I wonder if they reimburse you for tuition if the Rapture occurs before the end of the semester?

As a college level instructor myself, who teaches at a primarily Christian private college, I can tell you that this movement to impose a Christian curriculum on public institutions while providing an ever more radical Fundamentalist approach to education in the private schools and colleges is a frightening trend.

The Independent/UK recently published an article which revealed the startling number of graduates of another Christian private school, Patrick Henry College, ending up working for George Bush at the White House.

I think that, even though I am a Christian myself, the most dangerous thing facing our nation at the moment is the rise in political power of the Fundamentalist movement of Conservative Christians.

Don't let them use your faith against you, and remember that the Anti-Christ will convince many that he is Jesus. I'm tempted to say he's got a pretty good plan, there.

Here's the smell test I use. If a religious doctrine, church, or zealot seems to be using his religion to justify hatred and violence instead of love and forgiveness...it probably ain't coming from Jesus.

Who Would Jesus Expell?

2 Comments:

At 9:56 AM, Blogger Archie Levine said...

Thanks, Lou(ise)!

I'm sorry that I've been pretty busy with my pre-rapture job being a liberal (gasp) professor at a private women's college.

I hope to be a better Christian Watchdog come summer, after the end of the semester ends the time I have to warp young conservative minds.
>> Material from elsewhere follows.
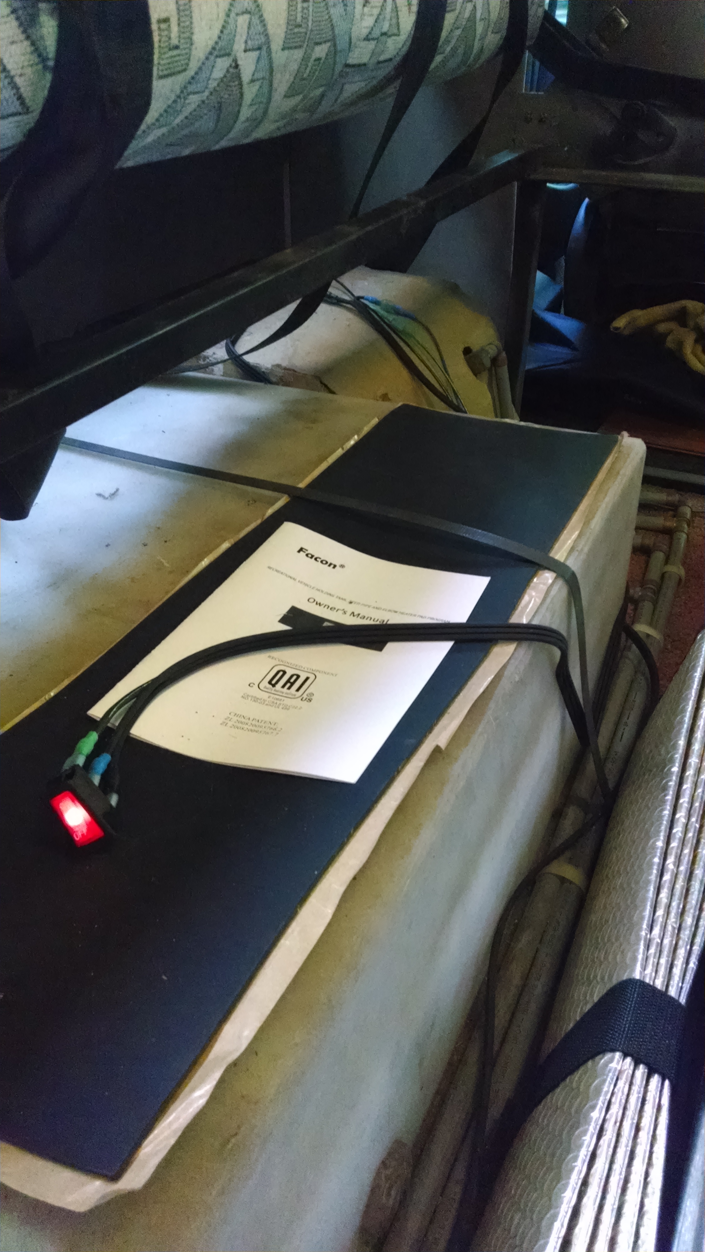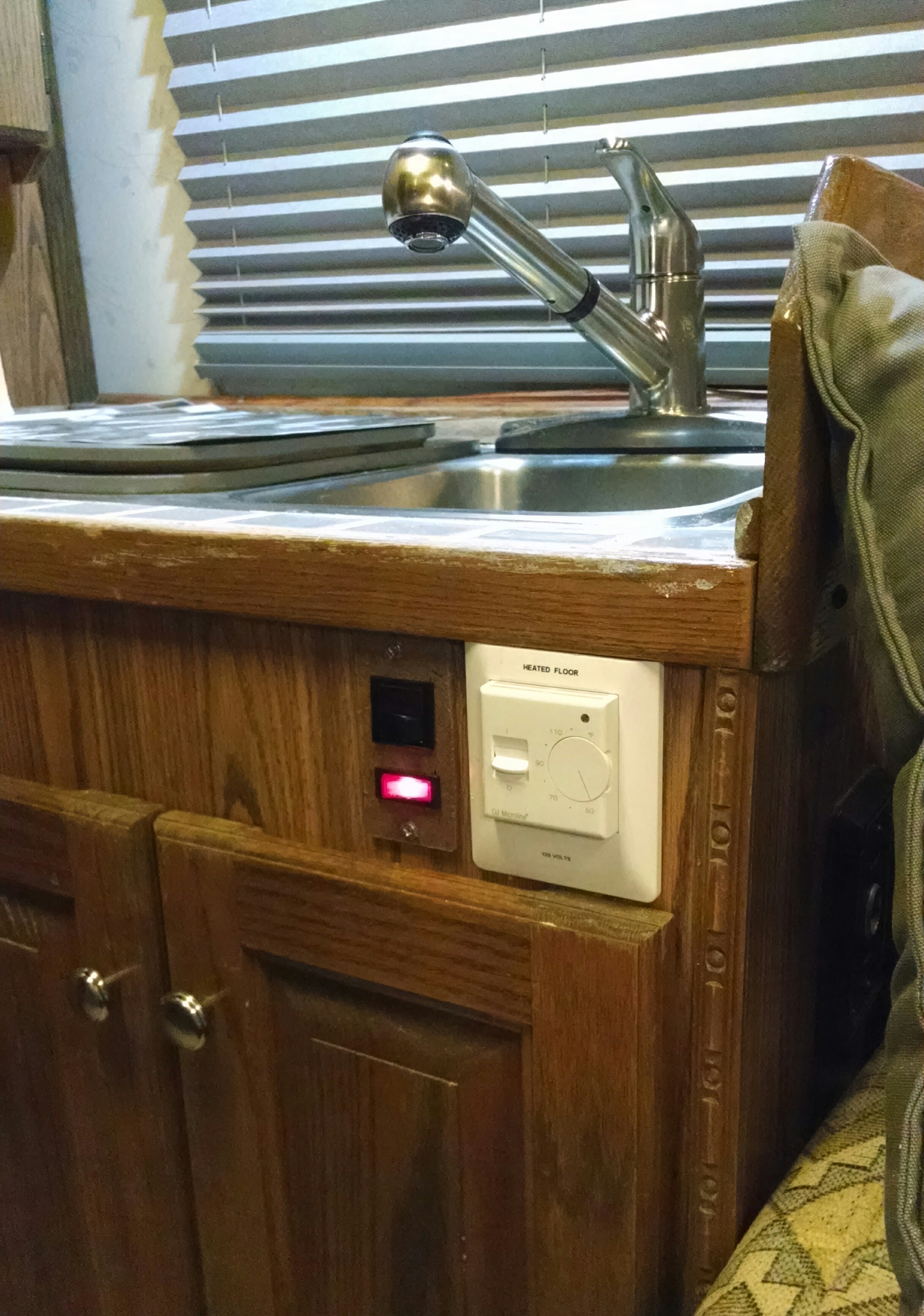 The plan (perhaps later today) is to extend the switch wires over to the outside sink cabinet next to the stock gas mode switch. And to install a 110v outlet under the sofa also on the sink cabinet, to plug in the heating element.

Come back once in a while, I'll try to have fresh content whenever I'm able.

 
At 12:31 PM, Blogger Doug Hering said...

Interesting. I think that Christian colleges, in general, may have worn out their purpose. Other than training missionaries or theology students, I'm beginning to see them as just another way to shelter kids, and not to teach them to be the light of the world. As you note, many of these schools don't even know what it means to be the light to the world.